The Prof. wants to enlist the normals' help in repairing the spacecraft. At least, unlike "mathematical genius" Jaffe, he knows they can't fly it back to 1957. (Not even if they do it the whole way in reverse.) But if they can get the spaceship in the air again, he offers to scout around the Earth, to see if they can locate any more communities like the Refuge. Mories clearly wants nothing to do with the project, but Timmek promises he'll give it some thought.
Meanwhile, Jaffe is getting the tech tour, courtesy of their chief scientist, Elda. Cleverly saving the bucks they might have had to shell out for a futuristic power room set, Elda chooses the hydroponics lab as the location to explain that the Refuge gets its electricity by tapping the Earth's core. Everything else they need is synthesized from "Earth's treasure chest": petroleum. They used to scavenge the metals they required from the ruins, but the mutants made that too dangerous a proposition. Now they recycle, which, since their community is growing smaller, provides plenty for everyone.
Jaffe immediately picks up on that "smaller" bit, though Elda makes a feeble attempt to cover his giveaway by re-phrasing it: "I should have said, our community is becoming more compact." (What? They're getting rid of most of their junk and moving to subterranean condos?)
Garnet and Borden's arrival interrupts this awkward moment. Elda invites them to come along to check out the machine shops, but they decline. Alone now with Borden, Garnet explains why Mories keeps giving the astronaut and his mates the stink-eye: He's in line to become the next President, and has his ambitious little black heart set on mating with Garnet. But, after the arrival of these hunks from the past, she's not so sure about that.
Later that evening, the astronauts gather in their quarters. Dr. Galbraith, who looks to be in his mid-50s, is astonished at how the attractive young womenfolk of the Refuge have been ogling and petting him. The others are struck yet again by what wussies the future men have become. Borden is disgusted: "Man isn't meant to live in a hole in the ground!" he declares. (Though strangely, their women seem to do quite well. Paging Dr. Freud ...)
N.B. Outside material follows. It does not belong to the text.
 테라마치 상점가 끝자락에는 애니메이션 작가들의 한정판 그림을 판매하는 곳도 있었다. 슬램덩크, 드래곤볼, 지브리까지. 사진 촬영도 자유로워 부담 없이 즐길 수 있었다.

Meanwhile, Borden's got a big date with Garnet. She shows him a tunnel which leads to the surface, and a cozy little garden grotto. Of course there's a full moon. Garnet pointedly remarks that in all the books from the past, the men were strong and fierce and would never have let an opportunity for love-making like this pass them by. (Hint. Hint.) I think those tattered fragments of Harlequin romances in the Refuge lending library may have given these ladies some unrealistic expectations.
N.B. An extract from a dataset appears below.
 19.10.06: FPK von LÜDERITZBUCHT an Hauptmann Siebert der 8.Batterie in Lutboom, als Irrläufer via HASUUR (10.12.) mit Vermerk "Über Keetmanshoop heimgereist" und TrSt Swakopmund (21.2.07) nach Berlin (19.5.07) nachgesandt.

Borden is reluctant at first to continue this line of conversation. He warns Garnet that he'll be leaving soon, but it doesn't take all that long before he's shoving his tongue down her throat.
Meanwhile, Jaffe has been snooping around the Refuge: He's found out that their birthrate is so low -- only 16 sickly children out of a population of nearly two thousand adults -- that they'll be extinct in another generation. It also turns out that Garnet wasn't exactly telling the truth about how the mutants treat their normal-looking children. Deena says the Beasts don't kill or banish them -- they need the extra hands to do the work. (So how did Deena end up in the Refuge, and why did Garnet feed them that story? Don't worry: This will remain completely unexplained.)
The Council rejects Dr. Galbraith's plea for help in getting the XRM back into the air. Returning to their quarters, the astronauts decide their only course of action is to go it alone and try to establish an outpost on the surface. If the normals can be persuaded to at least whip up some weapons for them in that machine shop, the guys should be able to hold their own against the "Mutates".
The astronauts don't realize that Mories is listening in on their conversation over the futuristic intercom. It also probably doesn't help when Borden confesses his feelings for Garnet, and Jaffe assures the pilot he's three times the man Mories is. Which is definitely not the sort of thing someone with Mories' 26th Century Girly-Man body issues wants to hear.
Mories wastes no time in carrying a tale to Timmek, claiming he overheard the visitors hatching a scheme for a hostile takeover. Shortly thereafter, Dr. Galbraith and Borden inform yet another meeting of the Council they're planning to strike out on their own, and ask for help viz. electric fencing and something to slaughter the mutants.
If any of the men want to come along, Borden adds, they'll be welcome. Once a "safe zone" has been established, others can join them up above. Where there will be nightly drum circles and bi-weekly seminars on the works of Robert Bly and Mickey Spillane.
Garnet and Elaine are plainly thrilled by the proposal, but elderly council member James whines about the danger and the heat and cold and dirt and bugs and stuff on the surface. Why would they want to abandon the Refuge for that?
Jaffe launches into an impassioned diatribe about their dwindling birthrate. (Which, judging from the Refuge men's reactions, is something they'd rather not discuss in public.) He implores them to think of the children, who need the sunlight and fresh air.
Mories dismisses Jaffe's concerns, saying their scientists are well aware of the problem and this close to a solution. (It involves these blue pills, and pumps, or if that doesn't do the trick, this recently discovered cache of late 22nd Century hyper-porn.)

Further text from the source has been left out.